# DATA EXTRACTS
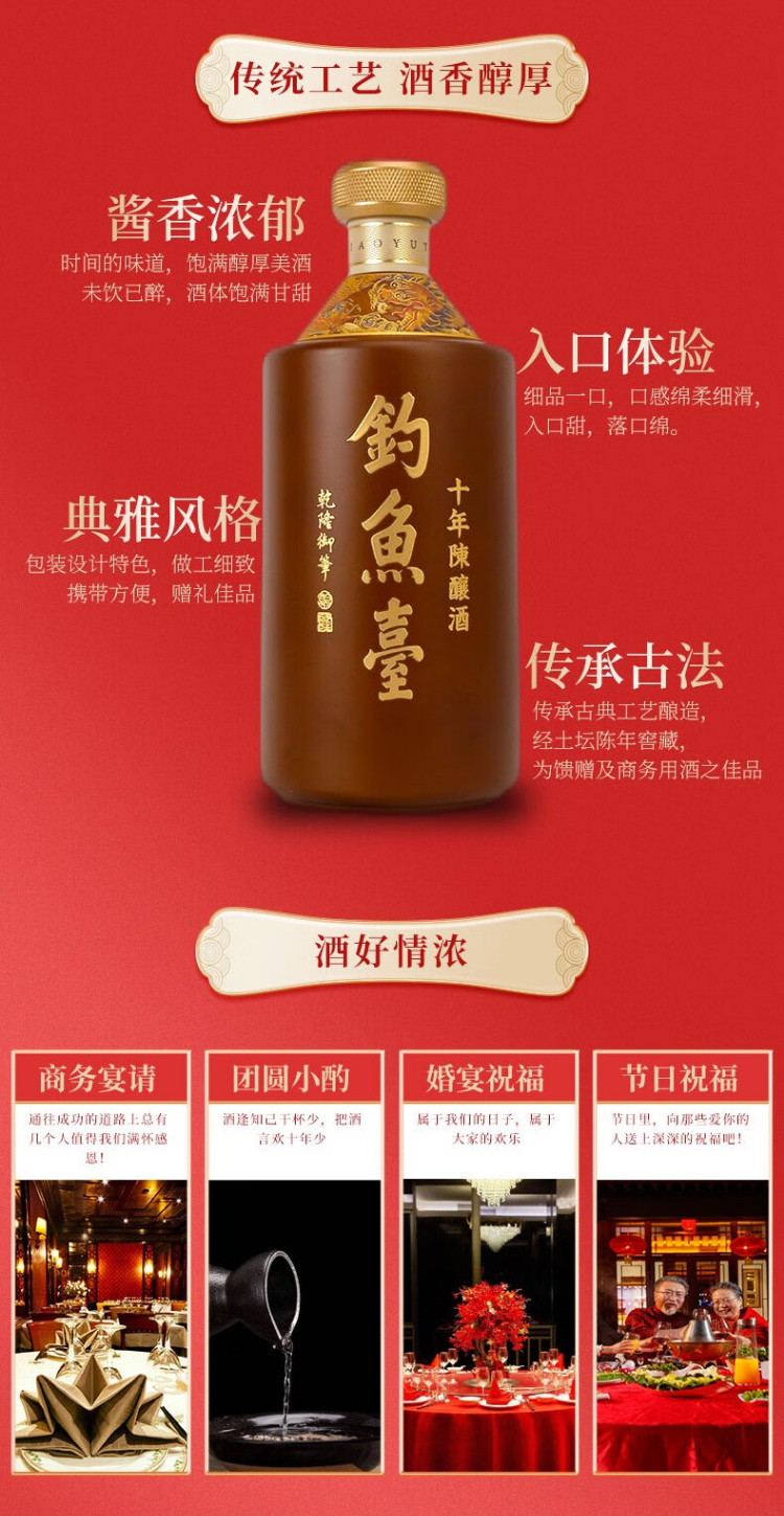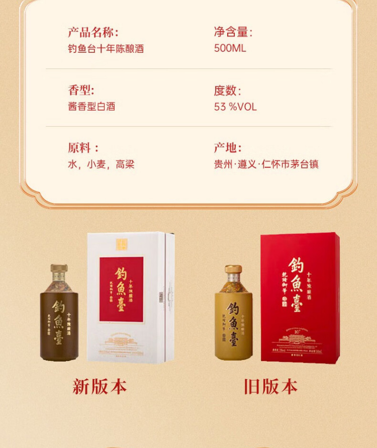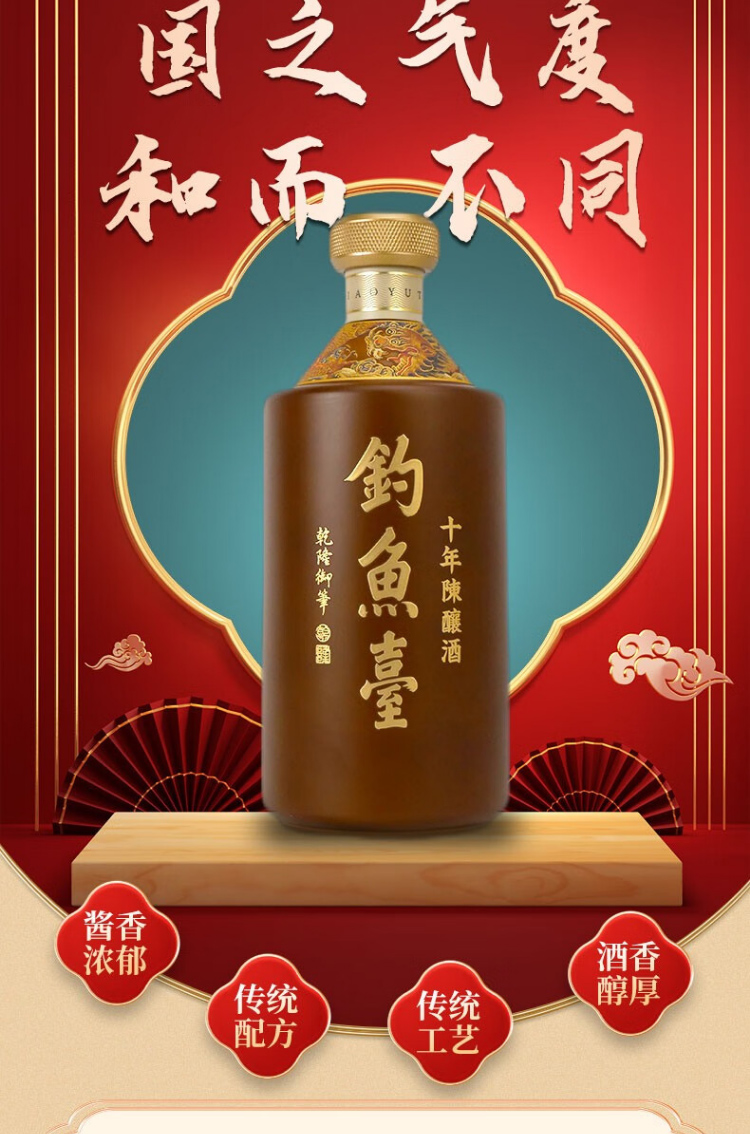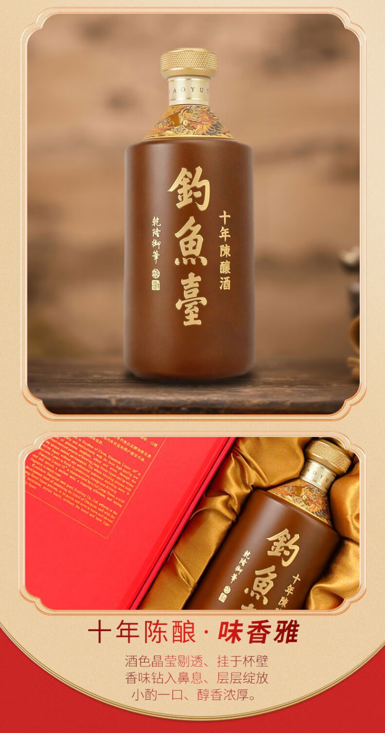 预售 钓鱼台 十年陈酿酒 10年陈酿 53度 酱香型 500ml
* * *
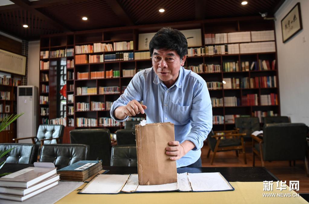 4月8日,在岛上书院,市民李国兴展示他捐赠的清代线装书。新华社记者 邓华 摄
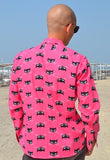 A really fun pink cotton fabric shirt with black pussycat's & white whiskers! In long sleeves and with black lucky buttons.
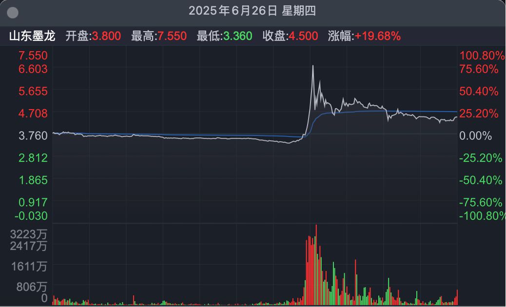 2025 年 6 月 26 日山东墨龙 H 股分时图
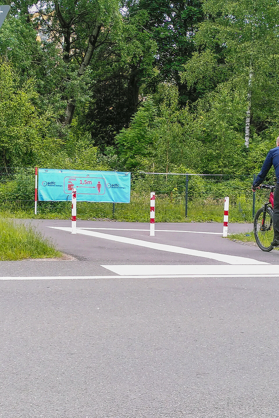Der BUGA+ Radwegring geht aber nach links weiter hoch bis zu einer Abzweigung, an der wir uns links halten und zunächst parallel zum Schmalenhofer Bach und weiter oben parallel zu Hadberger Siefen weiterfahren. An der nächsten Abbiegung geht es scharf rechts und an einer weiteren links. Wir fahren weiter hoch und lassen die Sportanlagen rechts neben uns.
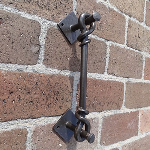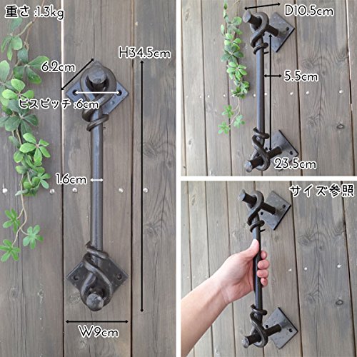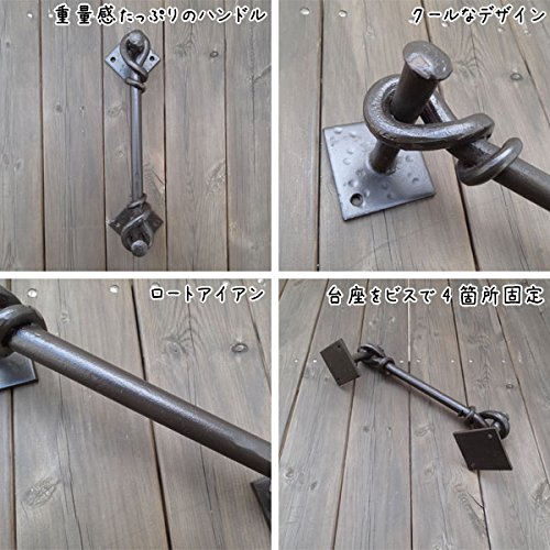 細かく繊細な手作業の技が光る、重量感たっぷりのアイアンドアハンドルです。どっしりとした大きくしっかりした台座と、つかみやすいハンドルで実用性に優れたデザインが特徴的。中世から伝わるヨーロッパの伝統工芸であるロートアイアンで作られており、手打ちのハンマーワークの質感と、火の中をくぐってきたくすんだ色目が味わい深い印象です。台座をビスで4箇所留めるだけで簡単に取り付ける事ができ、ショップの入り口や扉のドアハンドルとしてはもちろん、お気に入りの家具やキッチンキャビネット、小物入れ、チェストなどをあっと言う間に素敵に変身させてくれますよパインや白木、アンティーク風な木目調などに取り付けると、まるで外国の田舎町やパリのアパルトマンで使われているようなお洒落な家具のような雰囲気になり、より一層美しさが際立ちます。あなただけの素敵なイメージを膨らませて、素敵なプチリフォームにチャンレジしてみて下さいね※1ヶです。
...
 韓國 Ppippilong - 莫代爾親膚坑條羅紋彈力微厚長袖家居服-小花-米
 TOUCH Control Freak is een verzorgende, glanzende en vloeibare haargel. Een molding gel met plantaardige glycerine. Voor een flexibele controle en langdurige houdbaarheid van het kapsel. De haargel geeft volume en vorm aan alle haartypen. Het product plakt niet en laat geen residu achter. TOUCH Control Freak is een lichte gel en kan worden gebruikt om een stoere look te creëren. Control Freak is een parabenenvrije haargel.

# ASSIGNMENT
Take the material above from the line containing "A really fun" up to and including the line containing "細かく繊細な手作業の技が光る" and retype it exactly, without any pictures.

# REPLY
 A really fun pink cotton fabric shirt with black pussycat's & white whiskers! In long sleeves and with black lucky buttons.
 2025 年 6 月 26 日山东墨龙 H 股分时图
Der BUGA+ Radwegring geht aber nach links weiter hoch bis zu einer Abzweigung, an der wir uns links halten und zunächst parallel zum Schmalenhofer Bach und weiter oben parallel zu Hadberger Siefen weiterfahren. An der nächsten Abbiegung geht es scharf rechts und an einer weiteren links. Wir fahren weiter hoch und lassen die Sportanlagen rechts neben uns.
 細かく繊細な手作業の技が光る、重量感たっぷりのアイアンドアハンドルです。どっしりとした大きくしっかりした台座と、つかみやすいハンドルで実用性に優れたデザインが特徴的。中世から伝わるヨーロッパの伝統工芸であるロートアイアンで作られており、手打ちのハンマーワークの質感と、火の中をくぐってきたくすんだ色目が味わい深い印象です。台座をビスで4箇所留めるだけで簡単に取り付ける事ができ、ショップの入り口や扉のドアハンドルとしてはもちろん、お気に入りの家具やキッチンキャビネット、小物入れ、チェストなどをあっと言う間に素敵に変身させてくれますよパインや白木、アンティーク風な木目調などに取り付けると、まるで外国の田舎町やパリのアパルトマンで使われているようなお洒落な家具のような雰囲気になり、より一層美しさが際立ちます。あなただけの素敵なイメージを膨らませて、素敵なプチリフォームにチャンレジしてみて下さいね※1ヶです。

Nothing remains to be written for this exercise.